2:48 They were astonished [exeplagēsan]. Second aorist passive indicative of an old Greek word [ekplēssō], to strike out, drive out by a blow. Joseph and Mary “were struck out” by what they saw and heard. Even they had not fully realized the power in this wonderful boy. Parents often fail to perceive the wealth of nature in their children.
2:49 Son [teknon]. Child, literally. It was natural for Mary to be the first to speak. Why [Ti]. The mother’s reproach of the boy is followed by a confession of negligence on her part and of Joseph (sorrowing, [odunōmenoi]. Thy father [ho pater sou]. No contradiction in this. Alford says: “Up to this time Joseph had been so called by the holy child himself, but from this time never.” Sought [ezētoumen]. Imperfect tense describing the long drawn out search for three days. How is it that [Ti hoti]. The first words of Jesus preserved to us. This crisp Greek idiom without copula expresses the boy’s amazement that his parents should not know that there was only one possible place in Jerusalem for him. I must be [dei einai me]. Messianic consciousness of the necessity laid on him. Jesus often uses [dei] (must) about his work. Of all the golden dreams of any boy of twelve here is the greatest. In my Father’s house [en tois tou patros mou]. Not “about my Father’s business,” but “in my Father’s house” (cf. Ge 41:51). Common Greek idiom. And note “my,” not “our.” When the boy first became conscious of his peculiar relation to the Father in heaven we do not know. But he has it now at twelve and it will grow within him through the years ahead in Nazareth.

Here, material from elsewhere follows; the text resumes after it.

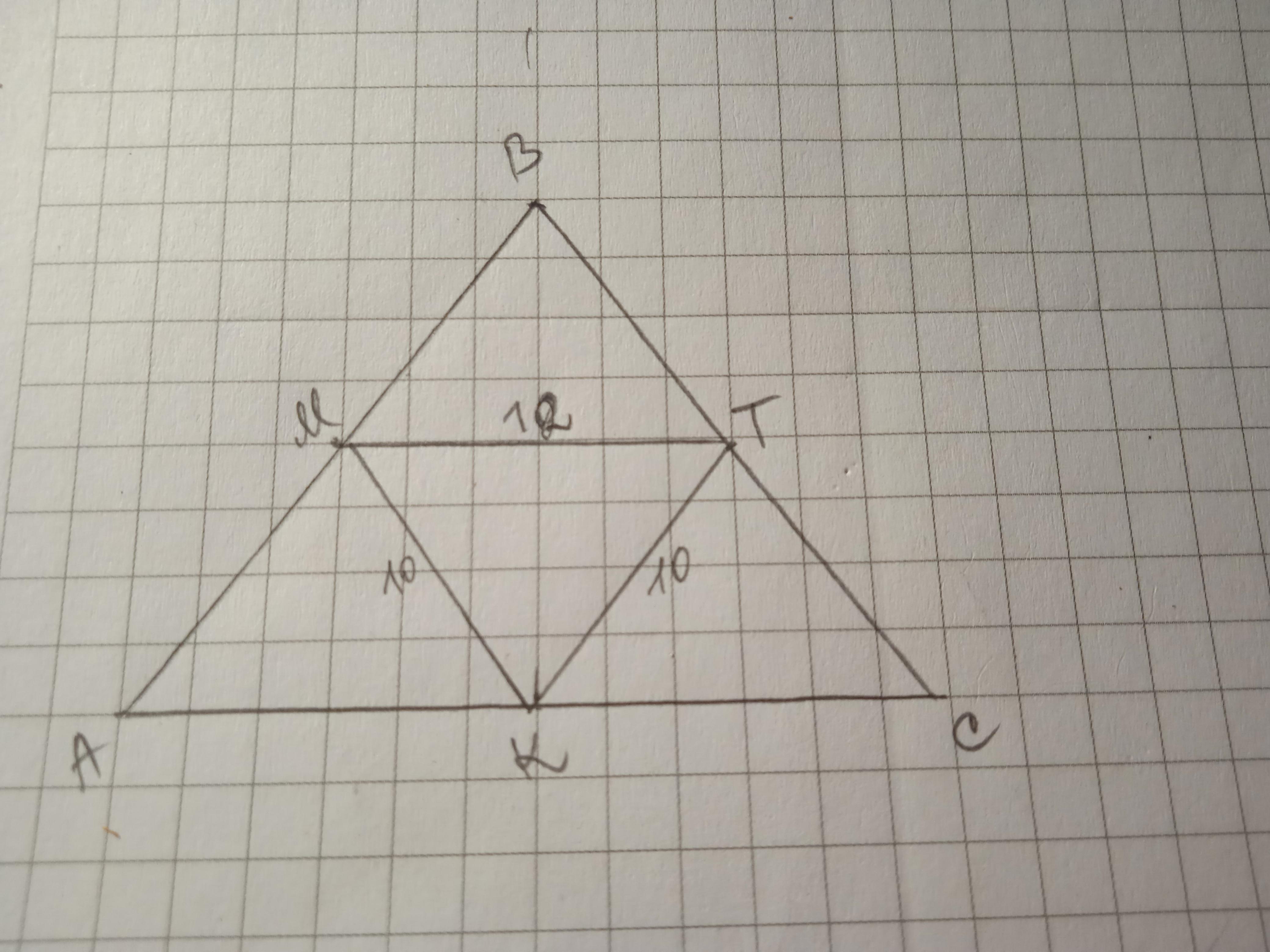 Дано: ΔКМТ, КМ=КТ=10 см, МТ=12 см.

2:50 They understood not [ou sunēkan]. First aorist active indicative (one of the k aorists). Even Mary with all her previous preparation and brooding was not equal to the dawning of the Messianic consciousness in her boy. “My Father is God,” Jesus had virtually said, “and I must be in His house.” Bruce observes that a new era has come when Jesus calls God “Father,” not [Despotes]. ”Even we do not yet fully understand” (Bruce) what Jesus the boy here said.

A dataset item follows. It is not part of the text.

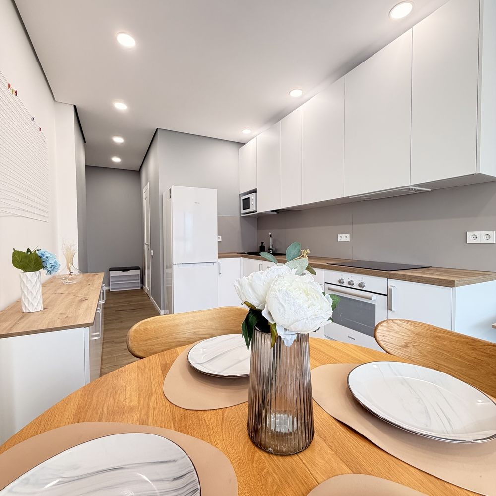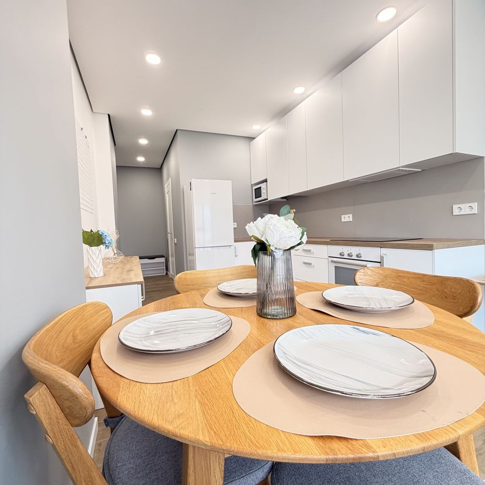 Кухня повністю укомплектована якісною технікою: холодильник, мікрохвильова піч, духова шафа, варильна поверхня, посудомийна машина, витяжка, фільтр для питної води та кондиціонер. Також є обідній стіл зі стільцями та зручний диван у зоні відпочинку.

2:51 He was subject unto them [ēn hupotassomenos autois]. Periphrastic imperfect passive. He continued subject unto them, this wondrous boy who really knew more than parents and rabbis, this gentle, obedient, affectionate boy. The next eighteen years at Nazareth (Lu 3:23) he remained growing into manhood and becoming the carpenter of Nazareth (Mr 6:3) in succession to Joseph (Mt 13:55) who is mentioned here for the last time. Who can tell the wistful days when Jesus waited at Nazareth for the Father to call him to his Messianic task? Kept [dietērei]. Imperfect active. Ancient Greek word [diatēreō], but only here and Ac 15:29 in the N.T. though in Ge 37:11. She kept thoroughly [dia] all these recent sayings (or things, [rhēmata]. In 2:19 [sunetērei] is the word used of Mary after the shepherds left. These she kept pondering and comparing all the things. Surely she has a full heart now. Could she foresee how destiny would take Jesus out beyond her mother’s reach?

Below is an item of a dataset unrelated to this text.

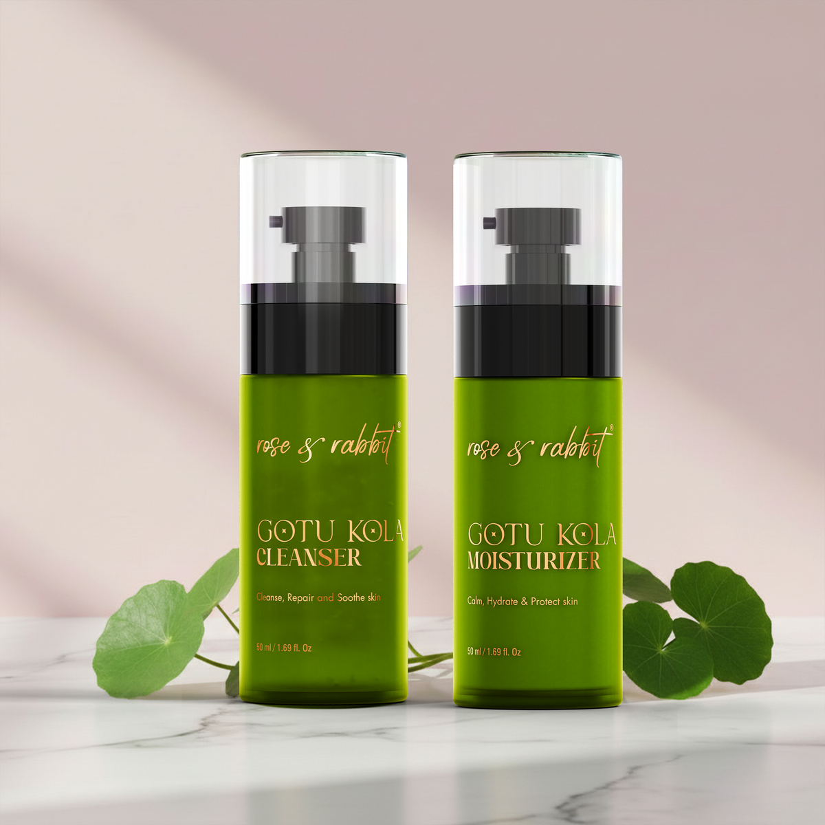 The Gotu Kola Cleanser & Creamy Facial Wash gently remove dirt & impurities, keeping your skin fresh and balanced, while the Gotu Kola Moisturiser deeply hydrates & nourishes for soft, smooth, and naturally glowing skin.

2:52 Advanced in wisdom and stature [proekopten tēi sophiāi kai hēlikiāi]. Imperfect active, he kept cutting his way forward as through a forest or jungle as pioneers did. He kept growing in stature [hēlikia] may mean age, as in 12:25, but stature here) and in wisdom (more than mere knowledge). His physical, intellectual, moral, spiritual development was perfect. “At each stage he was perfect for that stage” (Plummer). In favour [chariti]. Or grace. This is ideal manhood to have the favour of God and men.